- Supreme Court of the United States

Decided June 4, 1990
- Full case name: American Trucking Ass'ns v. Smith
- Citations: 496 U.S. 167 (more)

Holding
- The Court's decision in American Trucking Associations, Inc. v. Scheiner did not apply retroactively.

Court membership
- Chief Justice William Rehnquist Associate Justices William J. Brennan Jr. · Byron White Thurgood Marshall · Harry Blackmun John P. Stevens · Sandra Day O'Connor Antonin Scalia · Anthony Kennedy

Case opinions
- Majority: O'Connor
- Concurrence: Scalia
- Dissent: Stevens, joined by Brennan, Marshall, Blackmun

= American Trucking Ass'ns v. Smith =

American Trucking Associations, Inc. v. Smith, 496 U.S. 167 (1990), was a United States Supreme Court case in which the Court held that the Court's decision in American Trucking Associations, Inc. v. Scheiner did not apply retroactively.

== Description ==
In Scheiner, the Court held an Arkansas road tax unconstitutional because it violated the Commerce Clause. Afterward, the Supreme Court remanded the case to the Arkansas Supreme Court. While the case remained pending, the state of Arkansas began holding the collected taxes in escrow on the order of Circuit Justice Harry Blackmun. The Arkansas Supreme Court then reconsidered the tax in light of Scheiner and ruled it unconstitutional. However, the court declined to order refunds for taxes paid before the August escrow order, saying Scheiner could not be applied retroactively. The court nevertheless determined that the tax money paid into escrow after the August order should be refunded.

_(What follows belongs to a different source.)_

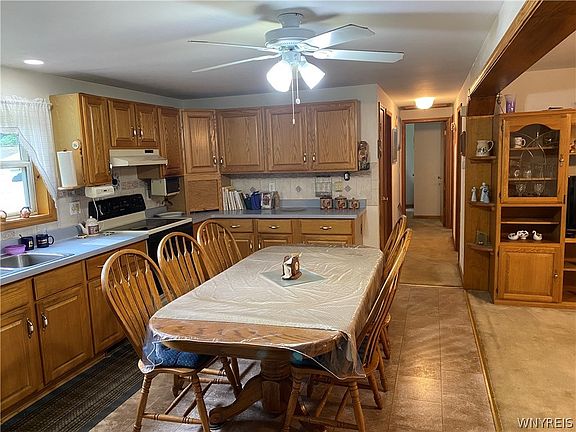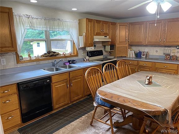 Beautiful 2 Bedroom Ranch in East Pembroke with Eat In Kitchen, Oak Face Cabinets, Sink with Window Overlooking Deep 2 Acre Lot, Kitchen Open to Bright Living Room, Laundry Room with Walk-In-Tub, Extra Wide Blacktop Driveway to Extra Deep Attached Garage with Workshop and or Additional Car Spaces, Electric, Water Spigots and Floor Drain, Garage to Full Basement with Finished Storage Room, Hi Efficiency 3 Years Young Gas Furnace, Auxiliary Wood burning Stove, Open Front Porch with SunSettor Awning, Mature Fruit Trees, Shed with Workshop, Roof 4 Years Young, Convenient Location to Central and Western New York, A Rural Feel in a Neighborhood Setting! 2022-10-11

In this case, the Supreme Court allowed that decision to stand, saying that not all unforeseeable changes in the law require relitigation.

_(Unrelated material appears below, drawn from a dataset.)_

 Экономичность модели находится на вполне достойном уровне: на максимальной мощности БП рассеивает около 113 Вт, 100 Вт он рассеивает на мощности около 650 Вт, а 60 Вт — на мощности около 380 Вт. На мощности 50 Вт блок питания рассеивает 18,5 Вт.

The dissent argued that foreseeability should have been irrelevant to remedying the constitutional violation. There had not been a final determination on the merits about whether the taxes should have been refunded. When the tax was held to be unconstitutional, the state supreme court simply declared that there would not be a refund of money paid before the escrow began. For the dissenters, that meant the issue could still be resolved by courts and a refund should have been on the table.